┏━━

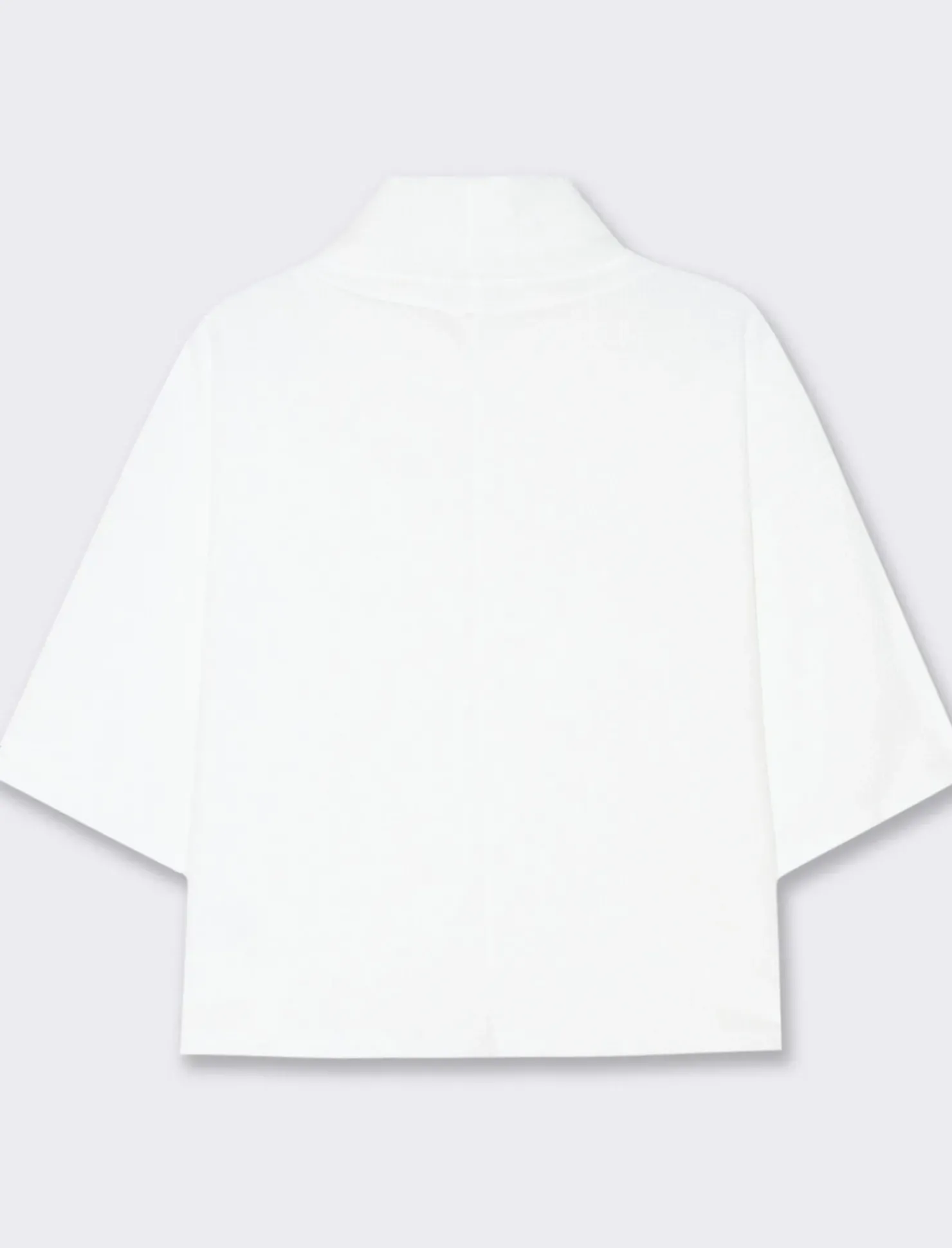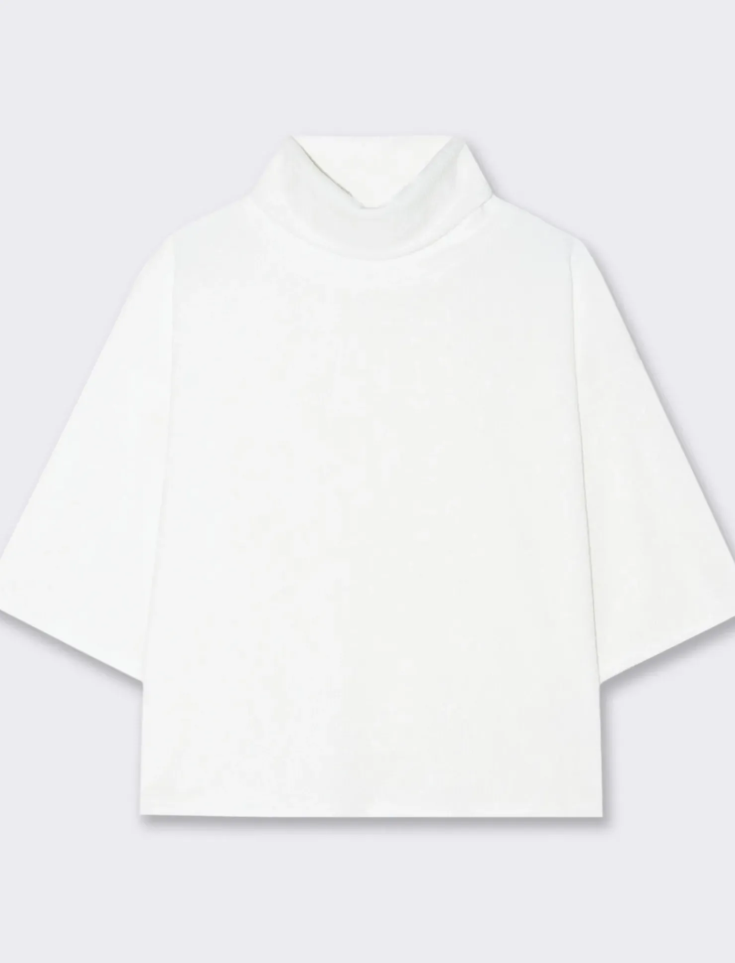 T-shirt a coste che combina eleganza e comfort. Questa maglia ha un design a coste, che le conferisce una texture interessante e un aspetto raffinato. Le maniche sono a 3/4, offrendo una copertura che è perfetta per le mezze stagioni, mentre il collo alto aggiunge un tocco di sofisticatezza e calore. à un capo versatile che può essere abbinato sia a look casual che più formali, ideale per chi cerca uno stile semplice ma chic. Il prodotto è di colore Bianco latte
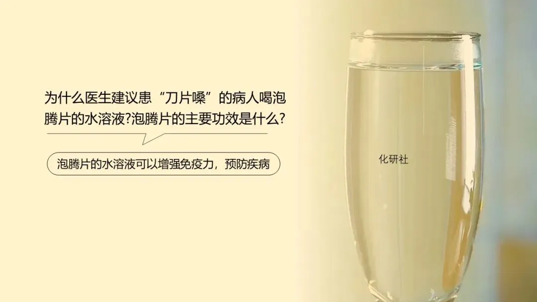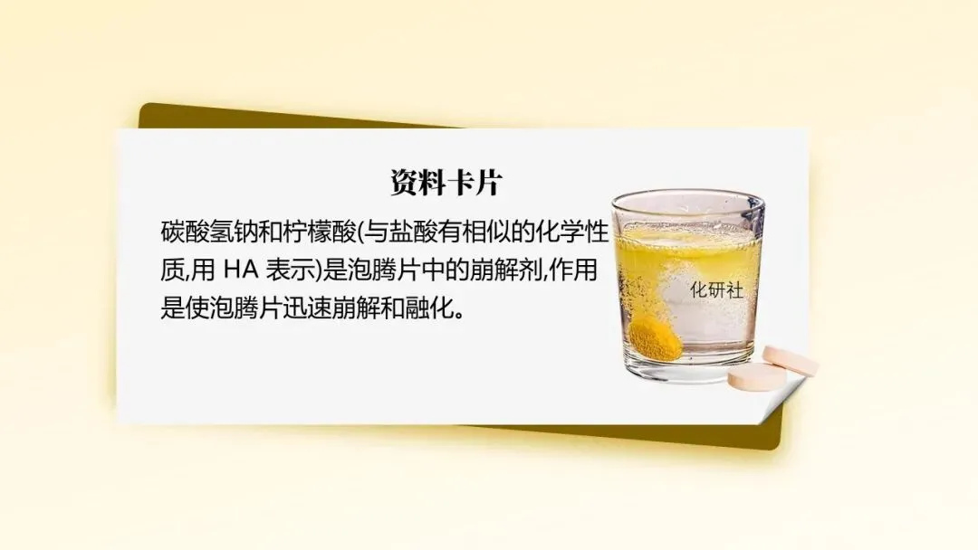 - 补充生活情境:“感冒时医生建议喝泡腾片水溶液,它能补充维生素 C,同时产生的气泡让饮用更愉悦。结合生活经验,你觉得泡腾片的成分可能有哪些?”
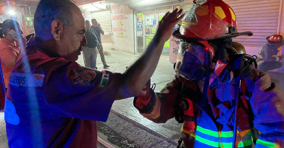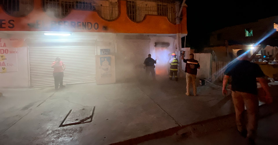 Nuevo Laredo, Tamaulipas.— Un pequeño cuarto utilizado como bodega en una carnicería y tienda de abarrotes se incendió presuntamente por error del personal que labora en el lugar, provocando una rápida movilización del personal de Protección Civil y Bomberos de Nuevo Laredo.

┗━━

» **WHAT THE TASK REQUIRES**: Reprint the listing above verbatim but drop the images.

» **RESPONSE**:
 T-shirt a coste che combina eleganza e comfort. Questa maglia ha un design a coste, che le conferisce una texture interessante e un aspetto raffinato. Le maniche sono a 3/4, offrendo una copertura che è perfetta per le mezze stagioni, mentre il collo alto aggiunge un tocco di sofisticatezza e calore. à un capo versatile che può essere abbinato sia a look casual che più formali, ideale per chi cerca uno stile semplice ma chic. Il prodotto è di colore Bianco latte
 - 补充生活情境:“感冒时医生建议喝泡腾片水溶液,它能补充维生素 C,同时产生的气泡让饮用更愉悦。结合生活经验,你觉得泡腾片的成分可能有哪些?”
 Nuevo Laredo, Tamaulipas.— Un pequeño cuarto utilizado como bodega en una carnicería y tienda de abarrotes se incendió presuntamente por error del personal que labora en el lugar, provocando una rápida movilización del personal de Protección Civil y Bomberos de Nuevo Laredo.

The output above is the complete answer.